• **Goal of the exercise**: Within the records below is a range that opens at the line with "- Inklusive Aida" and closes at the line with "- 1 LB of Organic". Return that range word for word, both ends included, and only that range.

Data records Block Start

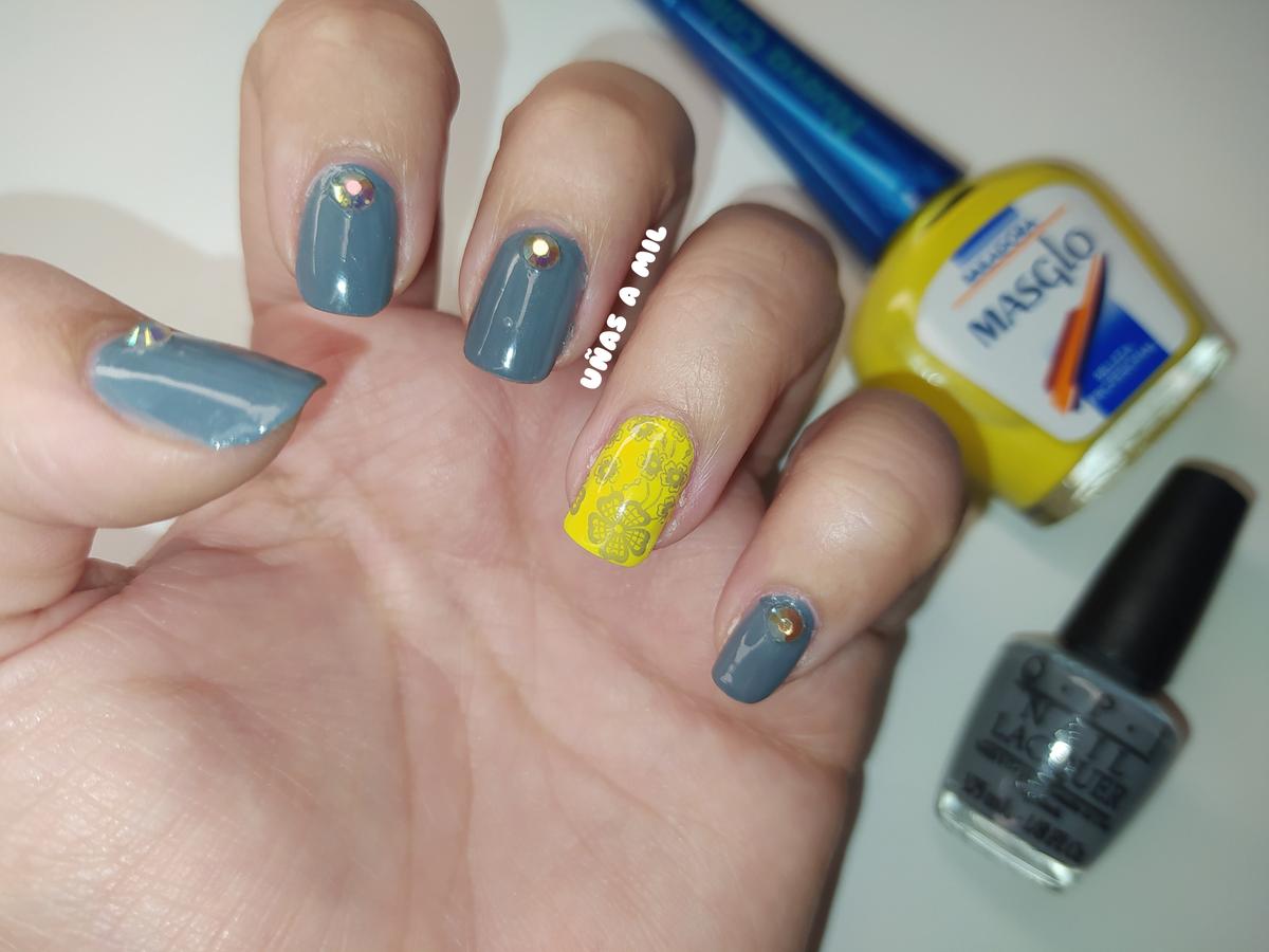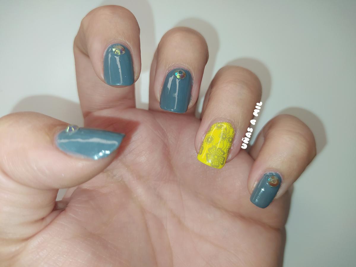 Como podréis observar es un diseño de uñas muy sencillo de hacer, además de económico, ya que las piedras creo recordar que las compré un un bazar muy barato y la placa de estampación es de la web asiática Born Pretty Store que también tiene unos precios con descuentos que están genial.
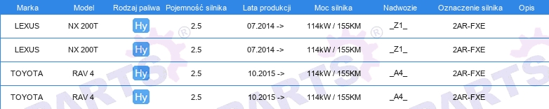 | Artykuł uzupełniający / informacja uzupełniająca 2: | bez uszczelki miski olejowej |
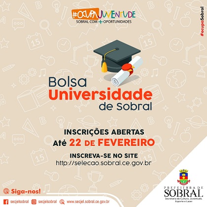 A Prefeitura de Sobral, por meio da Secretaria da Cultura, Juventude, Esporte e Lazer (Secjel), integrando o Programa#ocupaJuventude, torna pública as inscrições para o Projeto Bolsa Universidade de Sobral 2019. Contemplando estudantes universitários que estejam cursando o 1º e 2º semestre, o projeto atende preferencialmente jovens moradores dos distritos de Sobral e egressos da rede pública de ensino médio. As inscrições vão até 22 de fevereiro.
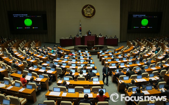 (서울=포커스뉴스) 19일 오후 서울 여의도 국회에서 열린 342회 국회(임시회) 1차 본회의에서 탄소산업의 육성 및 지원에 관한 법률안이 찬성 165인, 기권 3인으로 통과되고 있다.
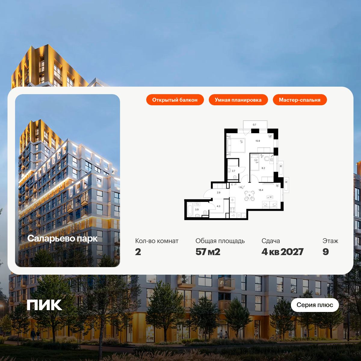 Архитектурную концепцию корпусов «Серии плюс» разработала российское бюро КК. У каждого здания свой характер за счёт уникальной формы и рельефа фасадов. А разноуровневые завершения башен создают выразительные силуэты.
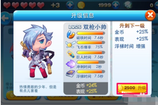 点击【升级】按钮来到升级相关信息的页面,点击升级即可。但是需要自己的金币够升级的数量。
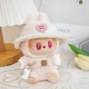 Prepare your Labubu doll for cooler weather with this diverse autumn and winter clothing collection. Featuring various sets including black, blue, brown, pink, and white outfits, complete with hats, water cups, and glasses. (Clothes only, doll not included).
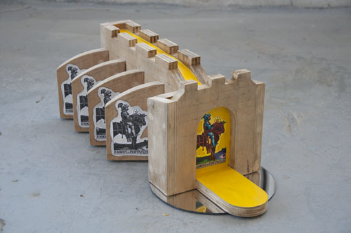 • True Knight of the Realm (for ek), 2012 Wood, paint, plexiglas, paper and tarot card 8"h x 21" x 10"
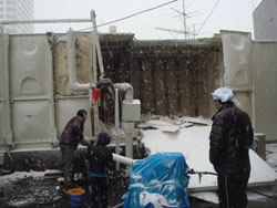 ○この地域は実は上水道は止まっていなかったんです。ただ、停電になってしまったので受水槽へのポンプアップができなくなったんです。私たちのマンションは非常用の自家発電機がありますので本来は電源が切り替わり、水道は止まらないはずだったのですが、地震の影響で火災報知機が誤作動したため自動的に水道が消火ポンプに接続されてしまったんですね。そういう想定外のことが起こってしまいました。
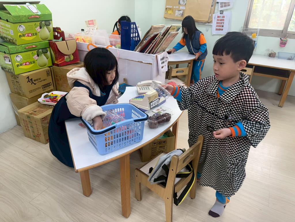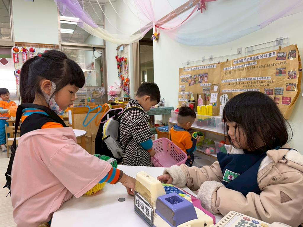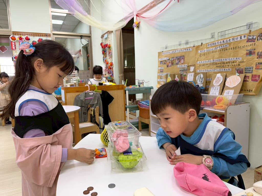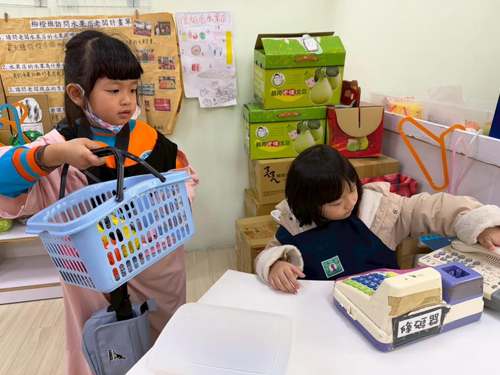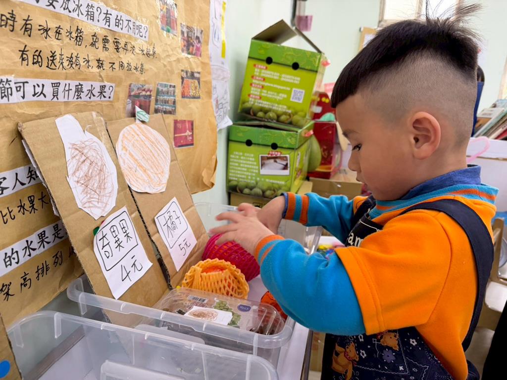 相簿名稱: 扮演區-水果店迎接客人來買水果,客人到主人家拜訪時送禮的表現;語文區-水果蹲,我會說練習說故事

Data records Block End
Data records Block Start

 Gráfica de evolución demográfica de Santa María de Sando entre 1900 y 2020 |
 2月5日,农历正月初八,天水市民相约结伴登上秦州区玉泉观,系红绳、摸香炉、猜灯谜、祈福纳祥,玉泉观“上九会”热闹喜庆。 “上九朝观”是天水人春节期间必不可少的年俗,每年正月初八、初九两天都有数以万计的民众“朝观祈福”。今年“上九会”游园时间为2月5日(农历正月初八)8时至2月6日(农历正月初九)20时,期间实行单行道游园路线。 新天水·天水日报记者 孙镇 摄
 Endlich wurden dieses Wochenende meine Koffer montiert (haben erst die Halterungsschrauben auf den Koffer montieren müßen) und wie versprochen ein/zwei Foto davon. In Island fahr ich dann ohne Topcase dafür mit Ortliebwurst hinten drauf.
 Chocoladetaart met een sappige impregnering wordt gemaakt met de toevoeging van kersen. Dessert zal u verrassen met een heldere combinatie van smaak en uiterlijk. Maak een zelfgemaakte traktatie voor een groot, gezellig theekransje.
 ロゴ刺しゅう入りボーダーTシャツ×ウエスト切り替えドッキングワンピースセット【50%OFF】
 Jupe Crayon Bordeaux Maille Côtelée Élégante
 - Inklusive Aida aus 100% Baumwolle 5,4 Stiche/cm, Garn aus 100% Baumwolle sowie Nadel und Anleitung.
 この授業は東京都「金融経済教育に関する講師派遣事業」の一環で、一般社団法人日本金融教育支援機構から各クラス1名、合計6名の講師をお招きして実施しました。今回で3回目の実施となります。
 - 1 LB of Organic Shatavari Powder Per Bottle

Data records Block End

• **Expected answer**:
 - Inklusive Aida aus 100% Baumwolle 5,4 Stiche/cm, Garn aus 100% Baumwolle sowie Nadel und Anleitung.
 この授業は東京都「金融経済教育に関する講師派遣事業」の一環で、一般社団法人日本金融教育支援機構から各クラス1名、合計6名の講師をお招きして実施しました。今回で3回目の実施となります。
 - 1 LB of Organic Shatavari Powder Per Bottle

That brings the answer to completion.